13.06.2012 12:00 di Gaetano Mocciaro   Vedi letture
© foto di Luigi Gasia/TuttoNocerina.com
ESCLUSIVA TJ - Ag. Boakye: "Sì, può finire alla Juve. Richmond diventerà un top player"

In esclusiva per TuttoJuve Oliver Arthur, agente del giovane talento ghanese Richmond Boakye, di proprietà del Genoa ma reduce dal prestito a Sassuolo, ci parla delle possibilità del suo assistito di vestire la maglia bianconera.

Oliver Arthur, è tornato di moda il nome di Richmond Boakye per la Juventus

“Sì, lo posso confermare. C’è la possibilità che il ragazzo possa finire in bianconero. Sappiamo che ci sono stati contatti fra Juve e Genoa anche se con me personalmente non hanno parlato, ma è una cosa che, eventualmente, capiterà una volta che i due club si saranno messi d’accordo. La prossima settimana in ogni caso sarò in Italia per valutare il tutto e la situazione potrà essere sicuramente più chiara”.

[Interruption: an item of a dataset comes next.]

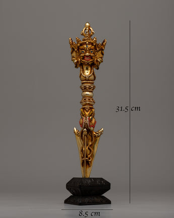 With the help of our magnificent Tibetan Buddhist Phurba, discover the deep secrets of Tibetan Buddhism. This sacred ritual item is made entirely of copper, carefully crafted by hand with devotion, and lavishly plated in gold, which stands for enlightenment and purity. With a height of 31.5 cm, it is a powerful focal point for spiritual activities that demands respect and attention.

Eventualmente con che formula potrebbe arrivare il giocatore?

“Presto per dirlo, quindi non posso ancora dire se in comproprietà o a titolo definitivo. Quel che posso dire è che stiamo aspettando che la Juve possa risolvere la trattativa in suo favore”.

Eventualmente Boakye sarebbe pronto per un top team come la Juve?

“Devo ammettere che il ragazzo mi ha stupito. Sapevo che era un buon giocatore, ma è cresciuto davvero molto e credo che possa diventare un giocatore molto ma molto importante, un vero top player. Dico questo perché la sua crescita è davvero rapida. Ho parlato con lui a proposito dell’accostamento della Juve e sarebbe un grande punto d’arrivo ma lui ci può stare. Dobbiamo solo sperare che ci sia la possibilità”.

Il ragazzo è molto giovane, cosa sarebbe meglio per la sua crescita?

“Sappiamo che la Juve ha ottimi attaccanti ma se avesse la sua chance magari Boakye potrebbe far vedere il suo valore. D’altro canto posso dire che ci troviamo di fronte a un ragazzo di 19 anni e non sarebbe assolutamente un problema un’esperienza all’estero per completare la crescita”.